In POI datasets, beyond explicit textual attributes (e.g., names, addresses), geospatial relationships constitute critical implicit features within localized neighborhoods. The Third Law of Geography—empirically formalized as the more similar geographic configurations of two points (areas), the more similar the values (processes) of the target variable at these two points (areas) (Zhu et al., 2018)—manifests through observable patterns as evidenced by the common presence of snack bars and stationery stores in the vicinity of schools across diverse locations.

This principle establishes that topologically analogous environments engender congruent entity characteristics. Harnessing neighborhood relationships thus overcomes limitations of text-reliant methods by encoding contextual knowledge unobtainable from lexical features alone. The fusion of textual-semantic and geospatial features has been widely adopted in interdisciplinary research. For instance, researchers have leveraged NLP and spatial analysis techniques to extract and analyze disaster-related content from social media (Sit, Koylu & Demir, 2019; Gulnerman & Karaman, 2020; Scheele, Yu & Huang, 2021). Others have integrated text mining and spatial accessibility models to optimize travel route planning (Zhou et al., 2024) and elucidate the spatiotemporal dynamics of residents’ daily activities (Liu et al., 2021). Additionally, spatial-textual analytics have been applied to crime prediction (Saraiva et al., 2022), urban functional zone recognition (Almatar et al., 2020; Zhang et al., 2021), and POI recommendation systems (Wang et al., 2023).

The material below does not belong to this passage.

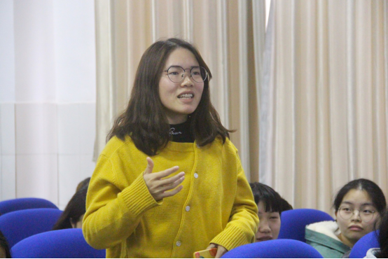 紧接着,何敦培老师介绍了语文老师应具备的核心素养:高尚的师德、多元的知识结构、复合的教学能力以及良好的职业习惯。何老师还从顶岗实习和教团队格证考试两个方面教导在座同学,如何成为一名卓越的教师。他指出,具有教育情怀、责任担当、深厚基础、过硬技能、创新能力的老师才是卓越的中学教师。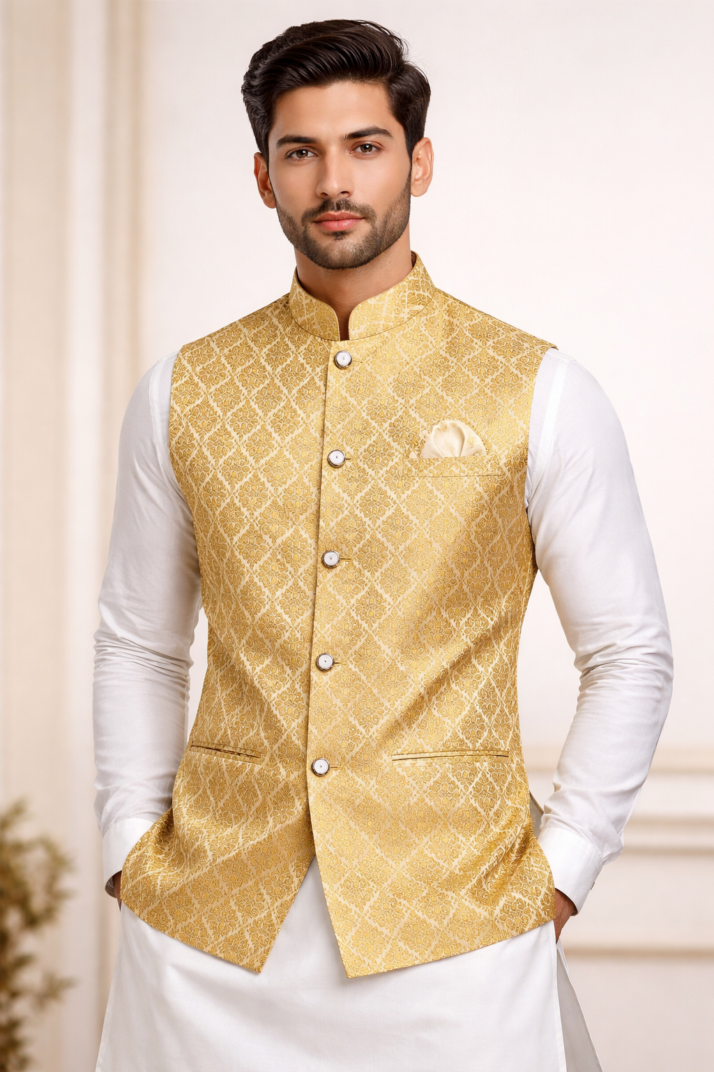 Elevate your traditional look with this elegant men’s Nehru vest, crafted from premium brocade fabric in a rich gold tone. Featuring an intricate diamond-pattern weave, this sleeveless jacket offers a refined and luxurious finish. Designed with a classic mandarin collar, front button closure, and functional pockets, it pairs perfectly with a white kurta or dress shirt for weddings, festive occasions, and formal gatherings. A timeless piece that blends tradition with modern sophistication.

However, within POI classification specifically, the synergistic fusion of textual semantics and geospatial context remains underexplored. While existing studies successfully integrate text and spatial data, they predominantly address broader scales (e.g., urban zones, disaster areas) or divergent objectives (e.g., route optimization, recommendation systems, event detection). Crucially, these approaches typically fail to explicitly leverage the fine-grained discriminative capacity inherent in a target POI’s immediate geospatial neighborhood for resolving textual ambiguities. Most methodologies either treat spatial context as coarse-grained statistical aggregations (Zheng et al., 2014) or employ it in isolation (Qin et al., 2023), rather than deeply embedding localized neighborhood semantics to directly interpret and disambiguate the target POI’s attributes within a unified modeling framework. Addressing this gap, in this study, spatial proximity is utilized to construct a semantically rich local geospatial neighborhood by aggregating spatially proximate clusters around target POIs. This neighborhood feature is then embedded into the classification framework to augment inference accuracy by providing contextual synergy. For example, during the classification of the establishment “Centennial Dragon Robe”, its local geospatial neighborhood exhibits high similarity to POIs in the catering service category, thereby providing crucial discriminative evidence—beyond what its ambiguous name alone offers—for its correct categorization as a restaurant. This methodology underscores the efficacy of deeply integrating localized geospatial neighborhood context specifically for resolving POI classification ambiguities.

We propose an automatic POI classification method that integrates geospatial neighborhood embeddings and textual semantic features through a multimodal fusion framework. We introduce the Geo-neighborhood Dual Fusion Network (GeoDFNet), a hybrid model combining text classification, graph neural networks, and cross-modal fusion. The proposed framework follows a multistage computational pipeline: First, geospatial neighborhoods are derived through spatial proximity modeling, where neighborhood signals are propagated from spatially adjacent nodes via graph attention networks (GAT) (Velikovi et al., 2017). Second, hierarchical semantic extraction is performed on POI name texts using the Transformer encoder architecture (Vaswani et al., 2017). Finally, the model performs classification via a cross-modal fusion module that dynamically aligns geospatial and textual representations. To validate the methodology, experiments are conducted on large-scale POI datasets from Beijing, Guangdong, and Shanghai. Empirical evaluations demonstrate that GeoDFNet surpasses baseline models across accuracy, F1-score, and robustness metrics. The results highlight that geospatial neighborhood integration substantially enhances classification performance, offering a generalizable solution to mitigate semantic ambiguity in real-world POI applications.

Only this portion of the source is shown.